Kumis, janggut, cambang, atau tumbuhnya rambut di beberapa bagian tubuh pada pria merupakan kerja dari hormon-hormon yang dimiliki oleh pria. Namun, keberadaan hormon tersebut dapat juga terjadi pada tubuh wanita. Mengapa demikian?
Selama ini, kita mungkin lebih mengenal hormon androgen, salah satunya adalah hormon testosteron, sebagai hormon seks pada pria. Namun, bukan berarti wanita tidak memilikinya. Dalam tubuh wanita juga terdapat hormon estrogen, progesteron, dan sedikit androgen. Jika hormon-hormon tersebut berada dalam keadaan yang seimbang, seorang wanita tidak akan mengalami masalah yang berarti.
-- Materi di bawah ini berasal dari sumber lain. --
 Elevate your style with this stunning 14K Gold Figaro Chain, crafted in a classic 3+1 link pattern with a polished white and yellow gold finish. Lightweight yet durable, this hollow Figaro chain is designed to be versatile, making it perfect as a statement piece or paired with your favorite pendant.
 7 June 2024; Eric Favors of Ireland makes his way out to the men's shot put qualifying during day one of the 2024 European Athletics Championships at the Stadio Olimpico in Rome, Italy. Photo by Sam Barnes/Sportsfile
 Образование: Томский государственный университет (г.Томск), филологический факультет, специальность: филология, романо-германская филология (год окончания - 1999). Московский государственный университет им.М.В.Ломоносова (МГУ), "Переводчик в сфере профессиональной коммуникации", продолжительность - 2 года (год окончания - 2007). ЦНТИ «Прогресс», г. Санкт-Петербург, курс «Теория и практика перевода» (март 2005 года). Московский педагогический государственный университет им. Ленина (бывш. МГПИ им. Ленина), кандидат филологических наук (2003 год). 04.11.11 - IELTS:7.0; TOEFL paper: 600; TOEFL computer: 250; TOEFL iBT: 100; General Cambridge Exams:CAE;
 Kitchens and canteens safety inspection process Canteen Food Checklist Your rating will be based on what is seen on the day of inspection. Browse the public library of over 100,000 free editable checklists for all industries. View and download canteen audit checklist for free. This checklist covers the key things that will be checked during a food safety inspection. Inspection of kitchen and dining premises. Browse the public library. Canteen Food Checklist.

Namun, bila terjadi ketidakseimbangan hormonal, misalnya terjadi kelebihan atau kekurangan hormon androgen, maka pengaruhnya akan tampak sekali pada wanita.
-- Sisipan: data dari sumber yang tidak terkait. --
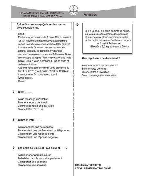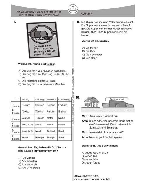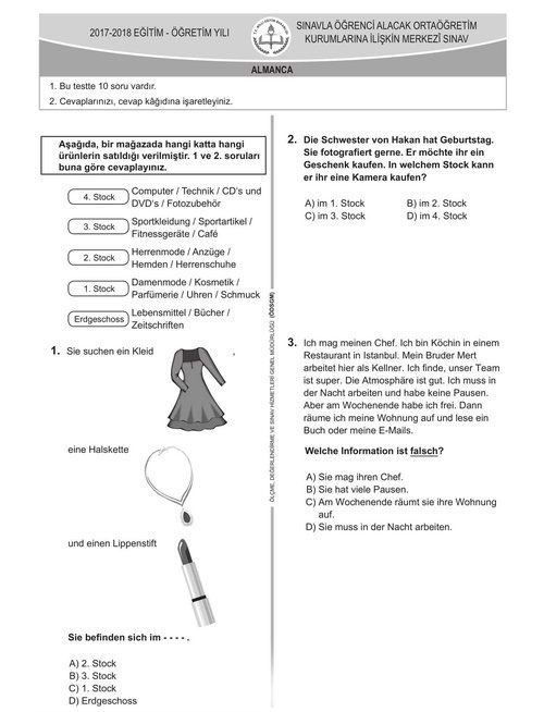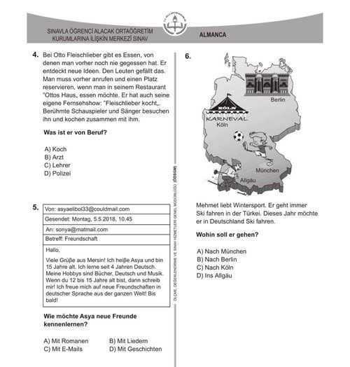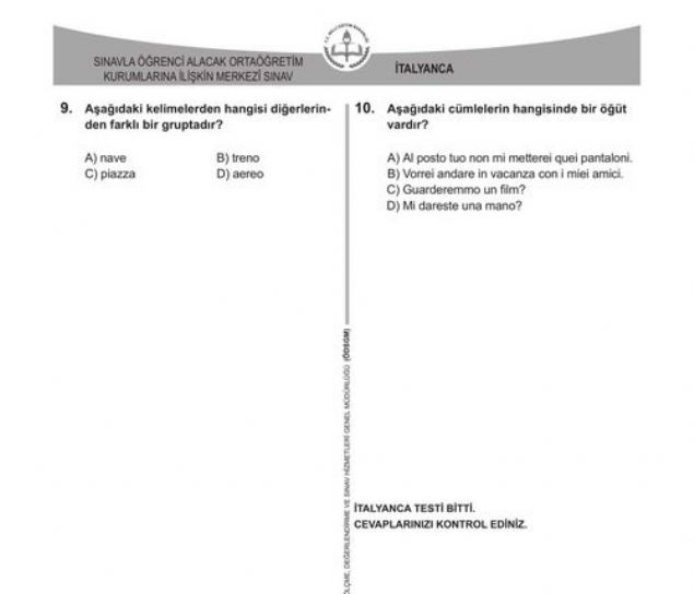 2018 LGS sözel sınavı Yabancı Dil soruları...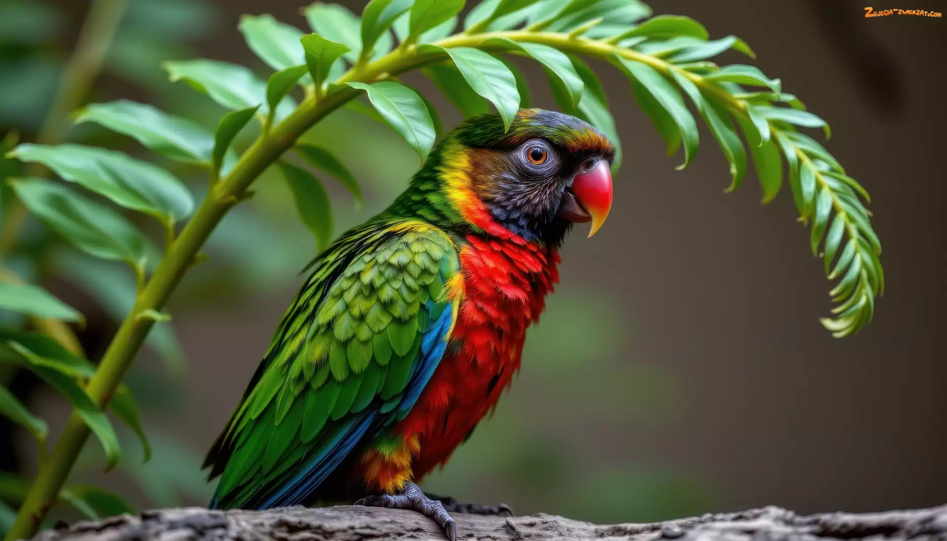 Zdjęcie: Liść, Ptak, Grafika AI, Kolorowa, Papuga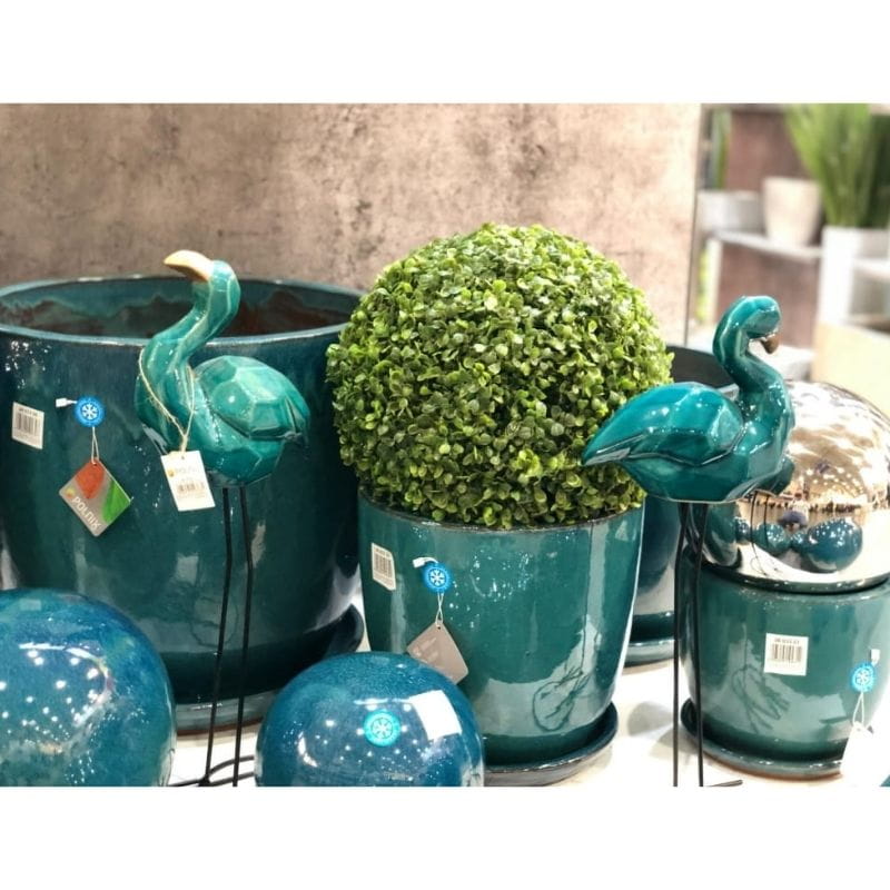 Turkusowa donica ceramiczna ogrodowa z podstawką 23 cm Polnix Barcelona 28.033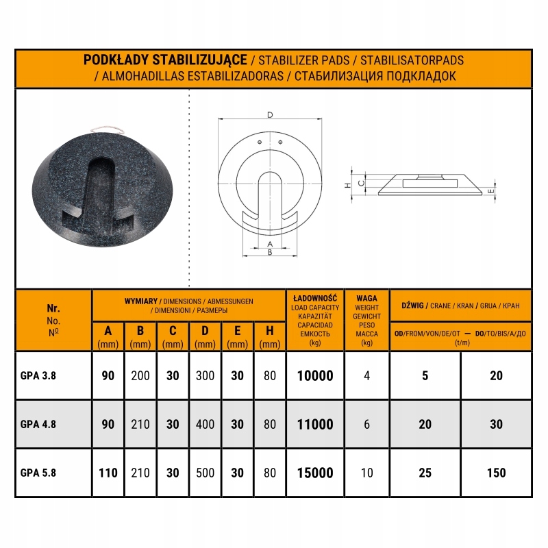 Поліетиленова конічна основа з пазом під лапу опори автокранів, підйомників, екскаваторів, бетононасосів і всіх інших транспортних засобів, яким для роботи потрібна стійка і міцна основа. Канавка в основі запобігає зсуву ніжки з центру під час використання.

Hormon androgen pada pria diproduksi di testis, sedangkan pada wanita diproduksi di kedua indung telur dan juga kelenjar adrenal. Jenis dan jumlahnya pun berbeda. Pada wanita, kadar hormon androgen hanya boleh ada maksimal 10% dibandingkan pada pria. Jadi, bila seorang pria memproduksi hormon androgen misalnya 6-8 mg per hari, maka wanita seharusnya hanya memproduksi kurang dari 0,5 mg per hari. Kadarnya memang sulit dinyatakan dengan pasti, karena nilainya berfluktuasi tergantung pada usia, siklus haid, dan status menopause wanita yang bersangkutan.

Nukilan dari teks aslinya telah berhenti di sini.